**Exercise brief**
Could the data below be copied exactly, minus the pictures?

**Data**
[Start of Attachment]
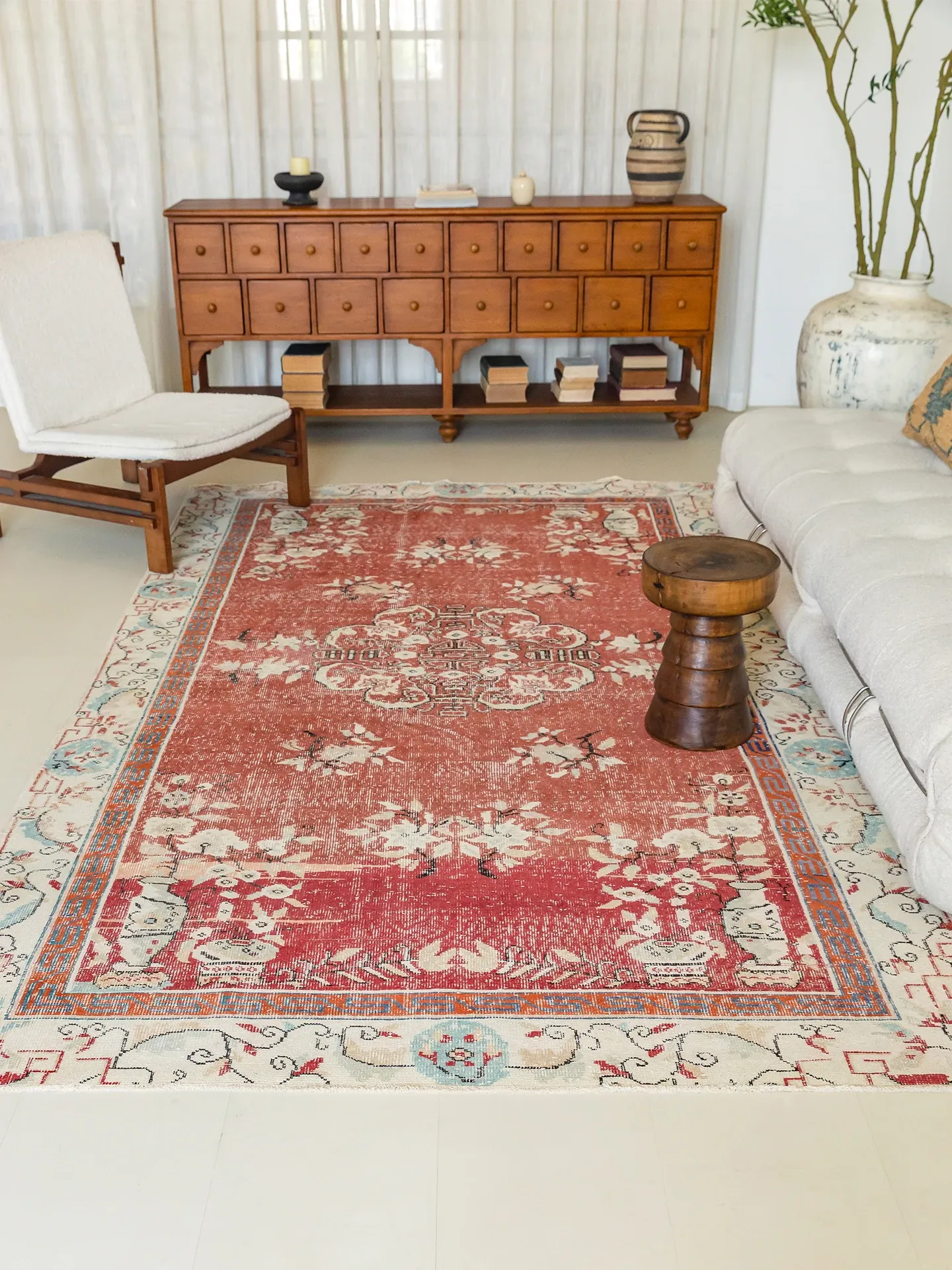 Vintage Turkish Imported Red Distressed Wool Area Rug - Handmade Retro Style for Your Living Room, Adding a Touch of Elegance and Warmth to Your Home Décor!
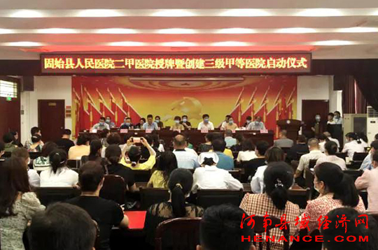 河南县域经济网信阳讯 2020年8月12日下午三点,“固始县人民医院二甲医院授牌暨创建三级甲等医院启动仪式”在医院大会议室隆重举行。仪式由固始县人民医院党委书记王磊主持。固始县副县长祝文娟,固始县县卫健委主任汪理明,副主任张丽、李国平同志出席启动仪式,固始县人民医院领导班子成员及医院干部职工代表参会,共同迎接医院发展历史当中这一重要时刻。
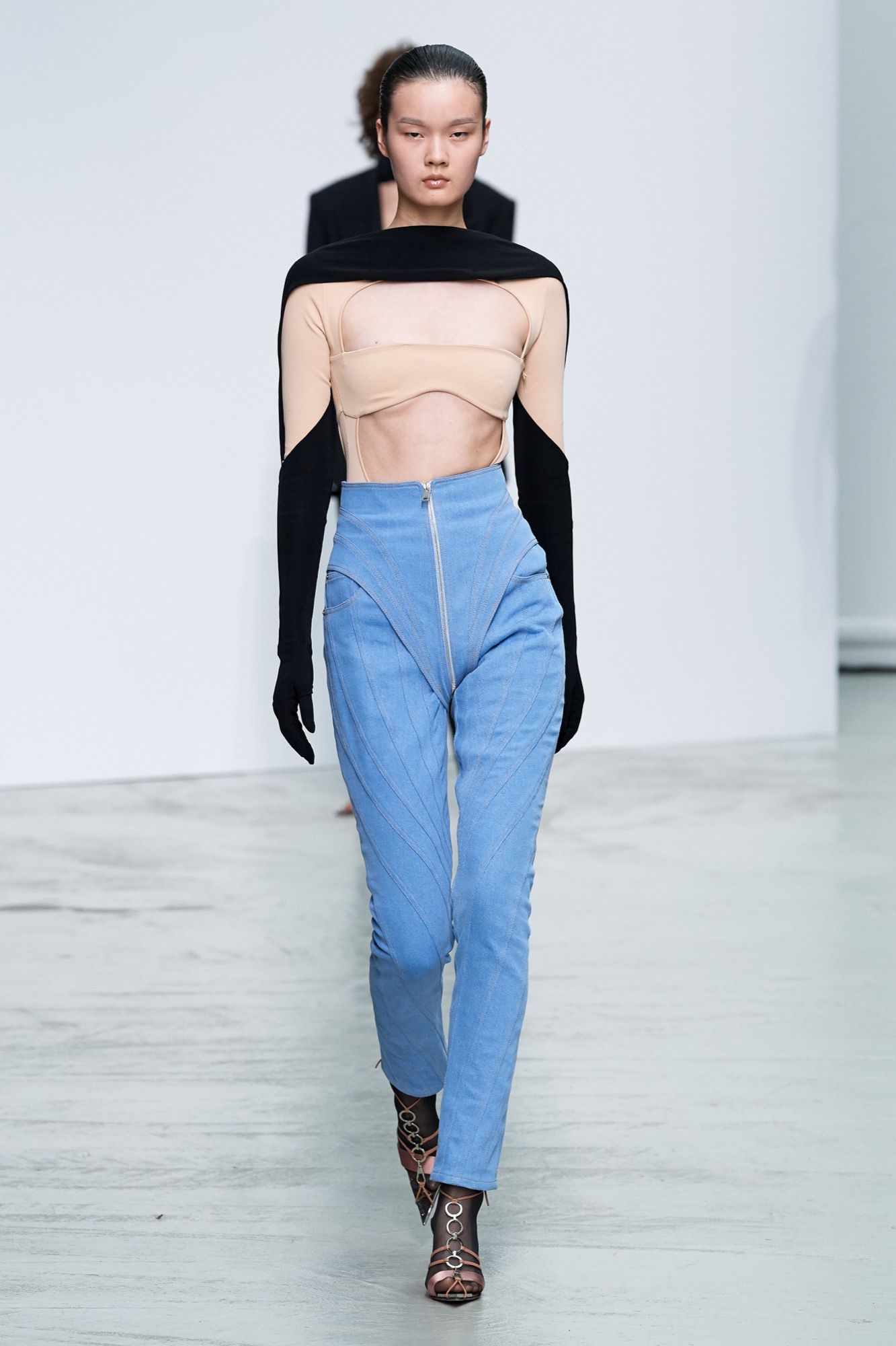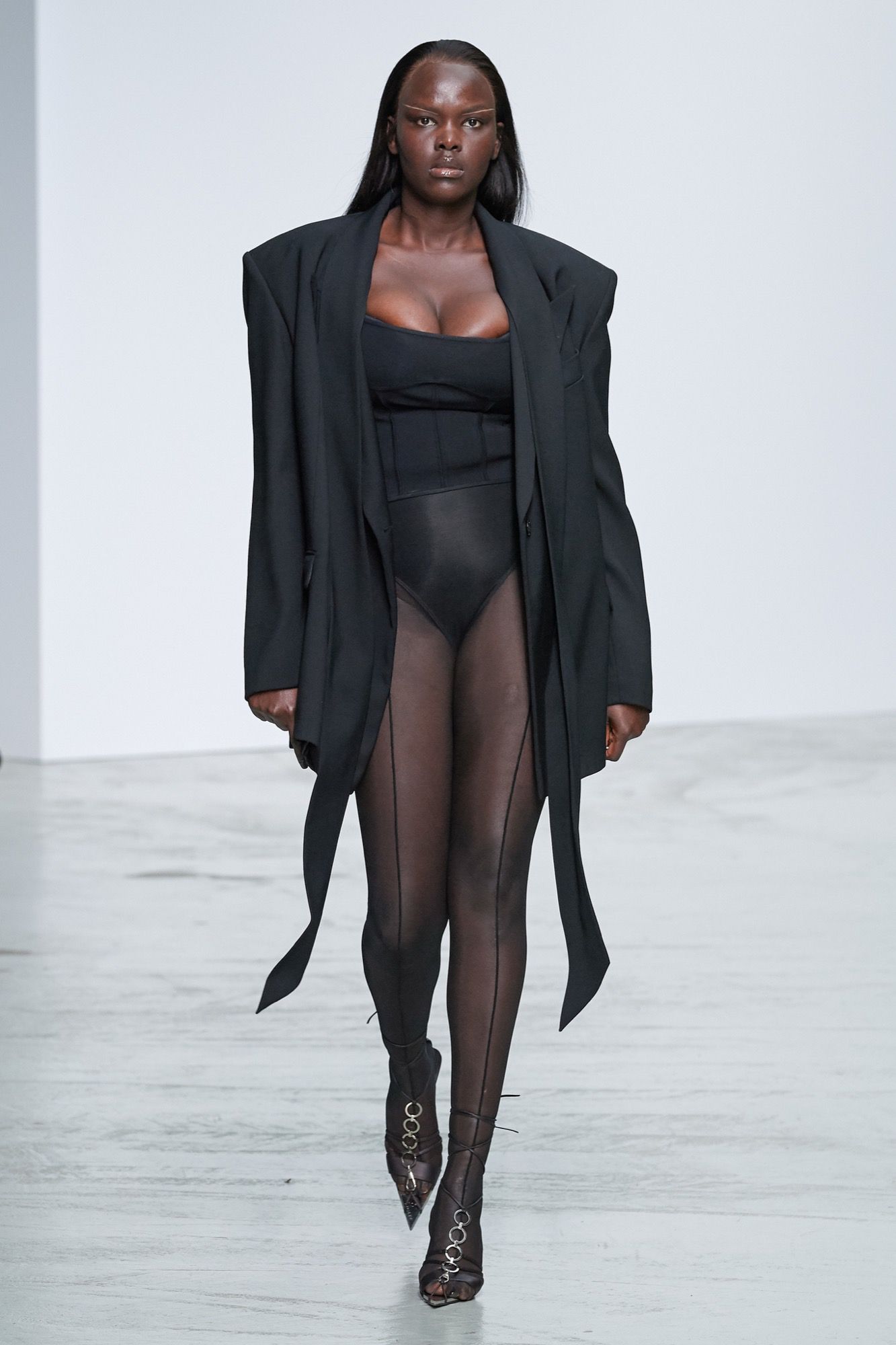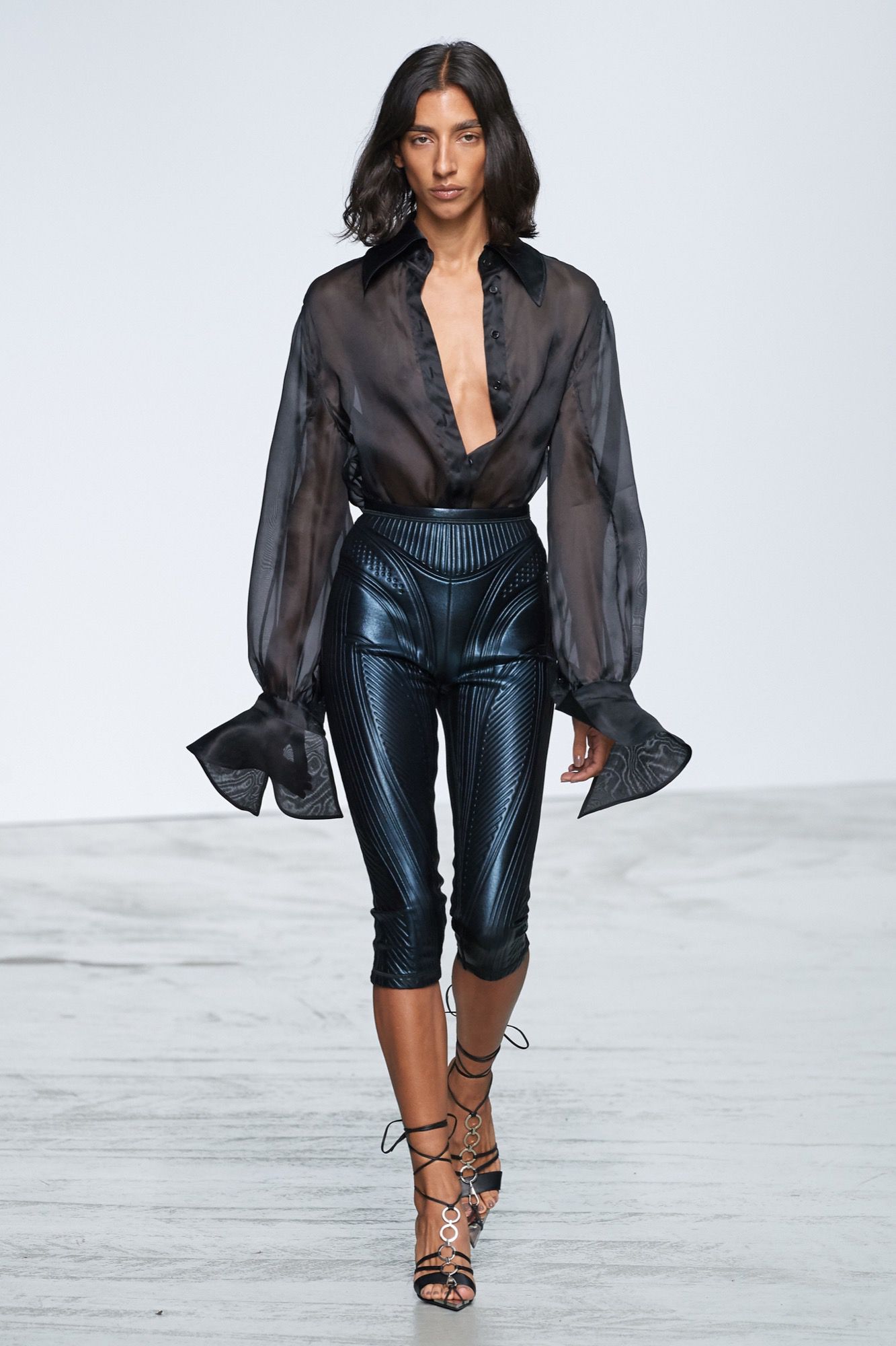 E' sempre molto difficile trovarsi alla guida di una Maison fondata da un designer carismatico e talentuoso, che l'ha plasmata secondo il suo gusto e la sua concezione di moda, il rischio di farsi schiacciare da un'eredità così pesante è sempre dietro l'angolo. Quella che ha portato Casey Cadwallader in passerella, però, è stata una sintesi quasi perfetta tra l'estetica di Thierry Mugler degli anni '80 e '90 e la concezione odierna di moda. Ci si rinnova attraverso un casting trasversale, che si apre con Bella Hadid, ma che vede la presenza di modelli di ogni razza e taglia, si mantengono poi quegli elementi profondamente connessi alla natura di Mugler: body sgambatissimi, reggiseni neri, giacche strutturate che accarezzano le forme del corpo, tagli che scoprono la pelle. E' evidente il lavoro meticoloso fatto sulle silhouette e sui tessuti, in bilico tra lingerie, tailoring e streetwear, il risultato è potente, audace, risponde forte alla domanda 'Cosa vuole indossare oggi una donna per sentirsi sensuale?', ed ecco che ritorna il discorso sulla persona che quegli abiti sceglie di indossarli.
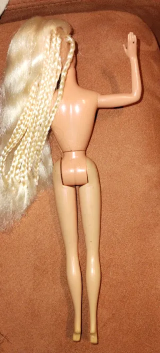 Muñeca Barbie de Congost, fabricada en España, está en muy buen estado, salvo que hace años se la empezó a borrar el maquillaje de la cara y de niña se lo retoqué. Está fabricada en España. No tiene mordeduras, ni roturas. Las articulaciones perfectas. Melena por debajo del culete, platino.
[End of Attachment]
**Exercise response**
 Vintage Turkish Imported Red Distressed Wool Area Rug - Handmade Retro Style for Your Living Room, Adding a Touch of Elegance and Warmth to Your Home Décor!
 河南县域经济网信阳讯 2020年8月12日下午三点,“固始县人民医院二甲医院授牌暨创建三级甲等医院启动仪式”在医院大会议室隆重举行。仪式由固始县人民医院党委书记王磊主持。固始县副县长祝文娟,固始县县卫健委主任汪理明,副主任张丽、李国平同志出席启动仪式,固始县人民医院领导班子成员及医院干部职工代表参会,共同迎接医院发展历史当中这一重要时刻。
 E' sempre molto difficile trovarsi alla guida di una Maison fondata da un designer carismatico e talentuoso, che l'ha plasmata secondo il suo gusto e la sua concezione di moda, il rischio di farsi schiacciare da un'eredità così pesante è sempre dietro l'angolo. Quella che ha portato Casey Cadwallader in passerella, però, è stata una sintesi quasi perfetta tra l'estetica di Thierry Mugler degli anni '80 e '90 e la concezione odierna di moda. Ci si rinnova attraverso un casting trasversale, che si apre con Bella Hadid, ma che vede la presenza di modelli di ogni razza e taglia, si mantengono poi quegli elementi profondamente connessi alla natura di Mugler: body sgambatissimi, reggiseni neri, giacche strutturate che accarezzano le forme del corpo, tagli che scoprono la pelle. E' evidente il lavoro meticoloso fatto sulle silhouette e sui tessuti, in bilico tra lingerie, tailoring e streetwear, il risultato è potente, audace, risponde forte alla domanda 'Cosa vuole indossare oggi una donna per sentirsi sensuale?', ed ecco che ritorna il discorso sulla persona che quegli abiti sceglie di indossarli.
 Muñeca Barbie de Congost, fabricada en España, está en muy buen estado, salvo que hace años se la empezó a borrar el maquillaje de la cara y de niña se lo retoqué. Está fabricada en España. No tiene mordeduras, ni roturas. Las articulaciones perfectas. Melena por debajo del culete, platino.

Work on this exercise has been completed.